*Dataset excerpt*:
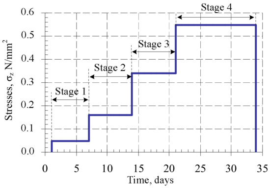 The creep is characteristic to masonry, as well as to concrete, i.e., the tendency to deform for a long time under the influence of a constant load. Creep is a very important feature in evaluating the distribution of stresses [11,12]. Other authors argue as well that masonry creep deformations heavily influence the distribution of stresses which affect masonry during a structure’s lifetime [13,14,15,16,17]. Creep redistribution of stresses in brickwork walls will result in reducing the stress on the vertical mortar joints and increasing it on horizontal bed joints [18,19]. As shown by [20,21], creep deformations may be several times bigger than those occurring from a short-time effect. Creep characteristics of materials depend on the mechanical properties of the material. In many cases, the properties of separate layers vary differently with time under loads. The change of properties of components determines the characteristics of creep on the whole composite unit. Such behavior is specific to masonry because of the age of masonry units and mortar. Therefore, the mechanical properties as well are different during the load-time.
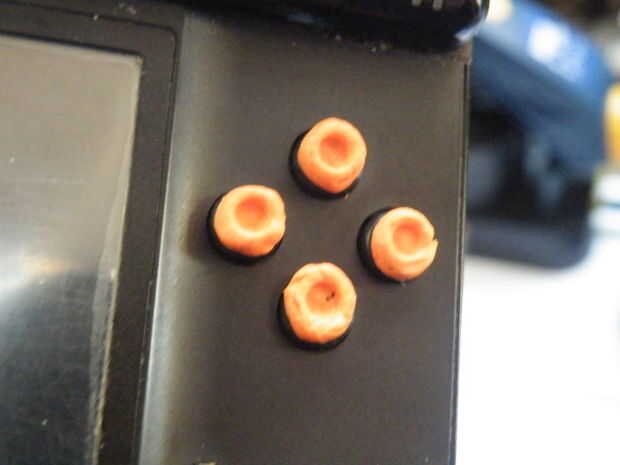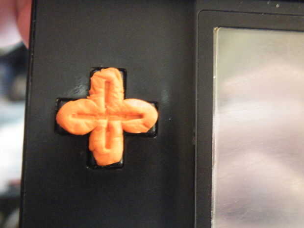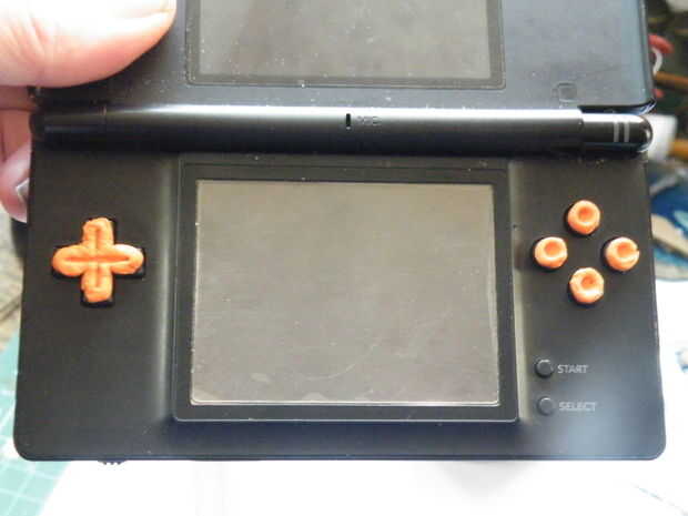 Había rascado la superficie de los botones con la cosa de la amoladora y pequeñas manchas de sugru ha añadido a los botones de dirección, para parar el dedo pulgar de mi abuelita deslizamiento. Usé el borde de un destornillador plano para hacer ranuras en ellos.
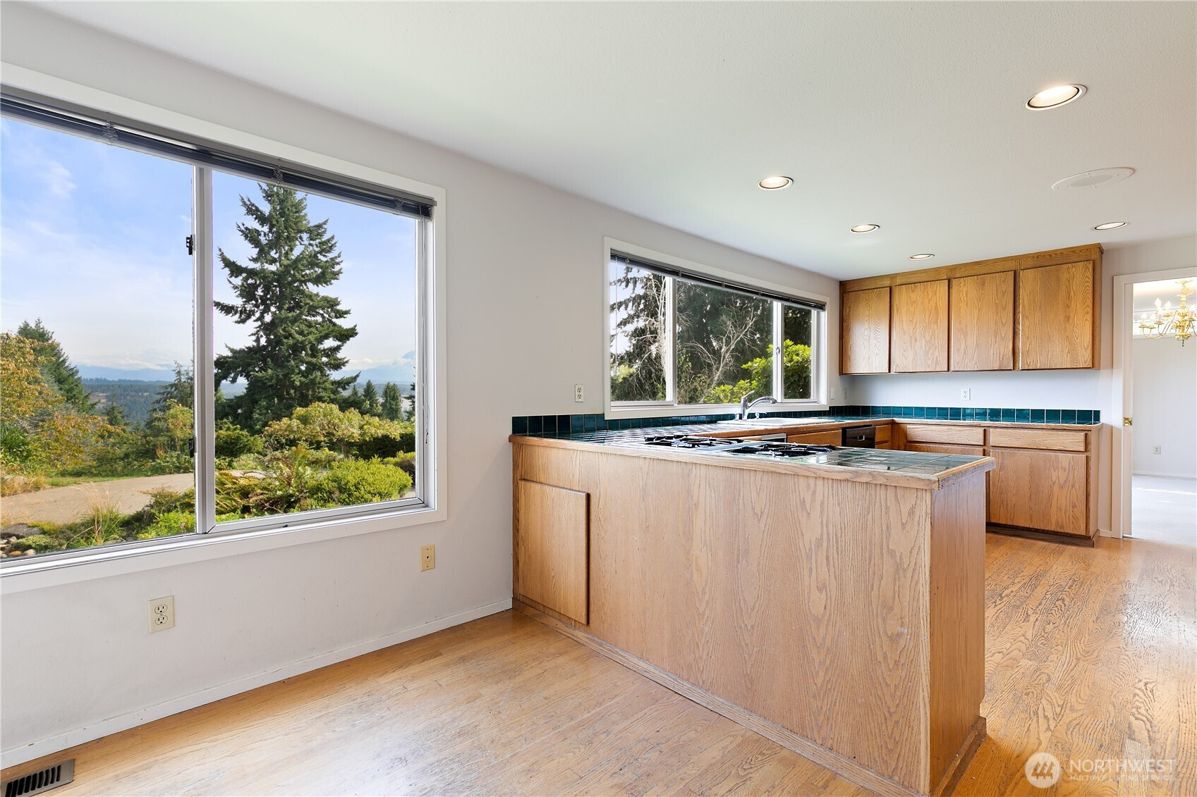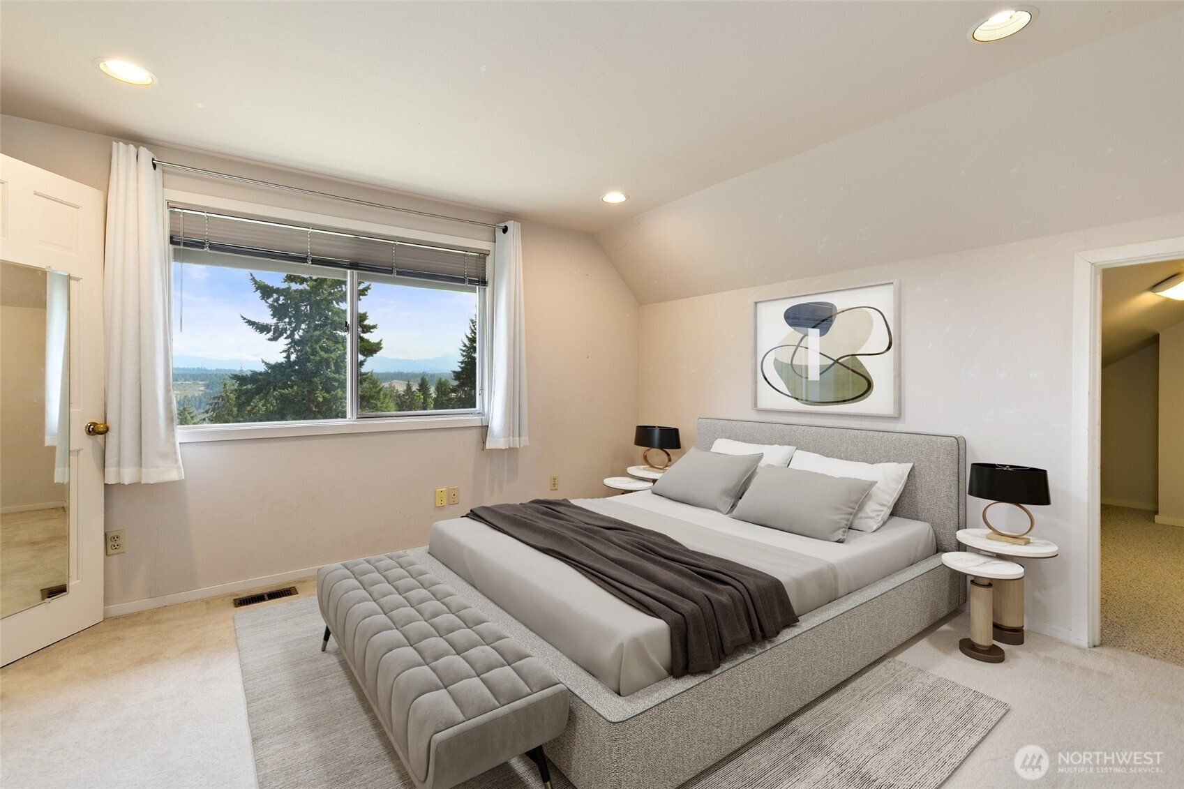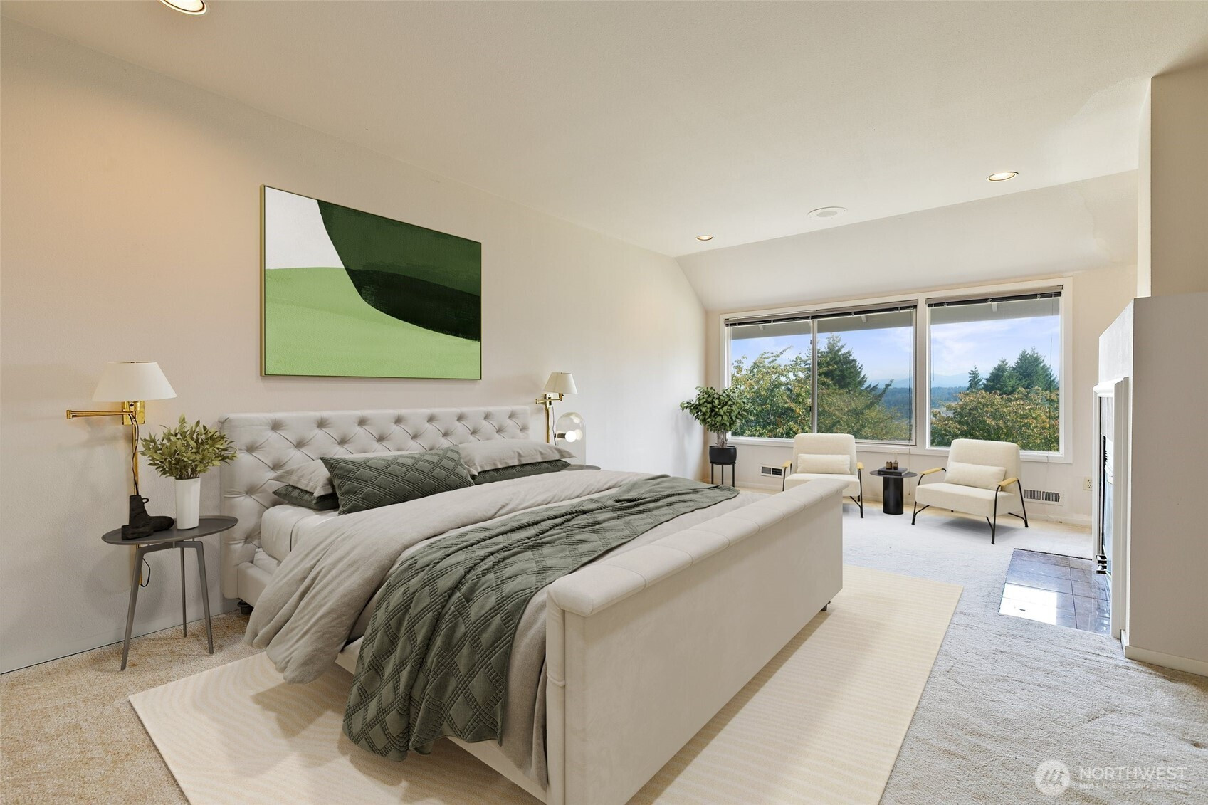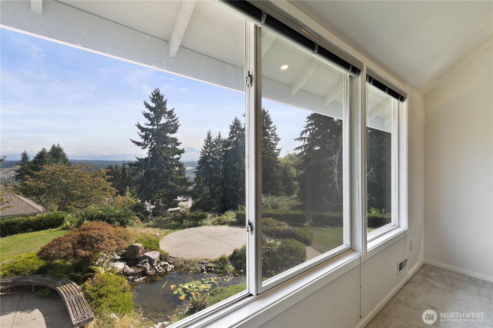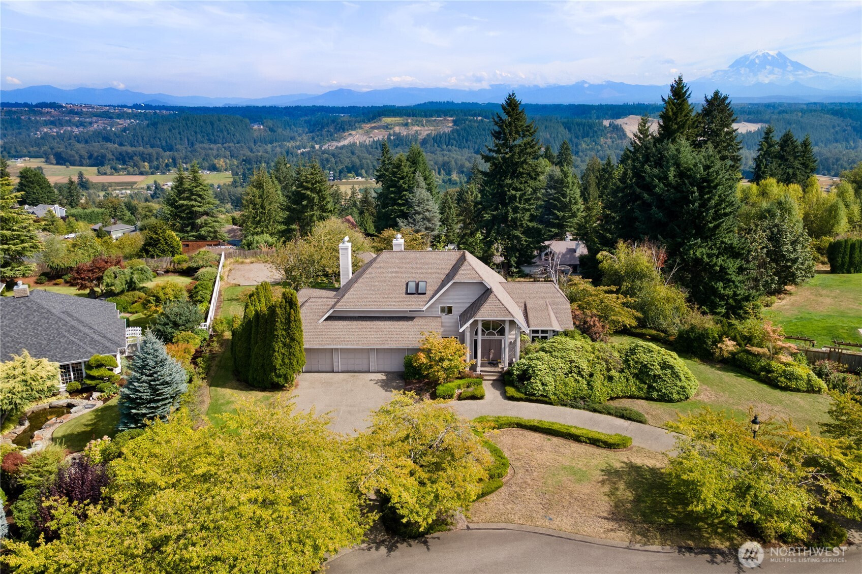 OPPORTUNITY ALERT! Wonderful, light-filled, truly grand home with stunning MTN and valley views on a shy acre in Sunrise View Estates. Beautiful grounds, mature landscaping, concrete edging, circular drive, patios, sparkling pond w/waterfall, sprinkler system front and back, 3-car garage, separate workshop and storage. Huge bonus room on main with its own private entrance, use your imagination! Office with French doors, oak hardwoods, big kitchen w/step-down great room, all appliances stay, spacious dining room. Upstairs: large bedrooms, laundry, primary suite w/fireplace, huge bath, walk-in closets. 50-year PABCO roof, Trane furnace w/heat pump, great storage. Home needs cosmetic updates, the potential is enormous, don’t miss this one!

*Try it*: Line by line, write out the data above exactly, without the pictures.

*Answer to this exercise*:
 The creep is characteristic to masonry, as well as to concrete, i.e., the tendency to deform for a long time under the influence of a constant load. Creep is a very important feature in evaluating the distribution of stresses [11,12]. Other authors argue as well that masonry creep deformations heavily influence the distribution of stresses which affect masonry during a structure’s lifetime [13,14,15,16,17]. Creep redistribution of stresses in brickwork walls will result in reducing the stress on the vertical mortar joints and increasing it on horizontal bed joints [18,19]. As shown by [20,21], creep deformations may be several times bigger than those occurring from a short-time effect. Creep characteristics of materials depend on the mechanical properties of the material. In many cases, the properties of separate layers vary differently with time under loads. The change of properties of components determines the characteristics of creep on the whole composite unit. Such behavior is specific to masonry because of the age of masonry units and mortar. Therefore, the mechanical properties as well are different during the load-time.
 Había rascado la superficie de los botones con la cosa de la amoladora y pequeñas manchas de sugru ha añadido a los botones de dirección, para parar el dedo pulgar de mi abuelita deslizamiento. Usé el borde de un destornillador plano para hacer ranuras en ellos.
 OPPORTUNITY ALERT! Wonderful, light-filled, truly grand home with stunning MTN and valley views on a shy acre in Sunrise View Estates. Beautiful grounds, mature landscaping, concrete edging, circular drive, patios, sparkling pond w/waterfall, sprinkler system front and back, 3-car garage, separate workshop and storage. Huge bonus room on main with its own private entrance, use your imagination! Office with French doors, oak hardwoods, big kitchen w/step-down great room, all appliances stay, spacious dining room. Upstairs: large bedrooms, laundry, primary suite w/fireplace, huge bath, walk-in closets. 50-year PABCO roof, Trane furnace w/heat pump, great storage. Home needs cosmetic updates, the potential is enormous, don’t miss this one!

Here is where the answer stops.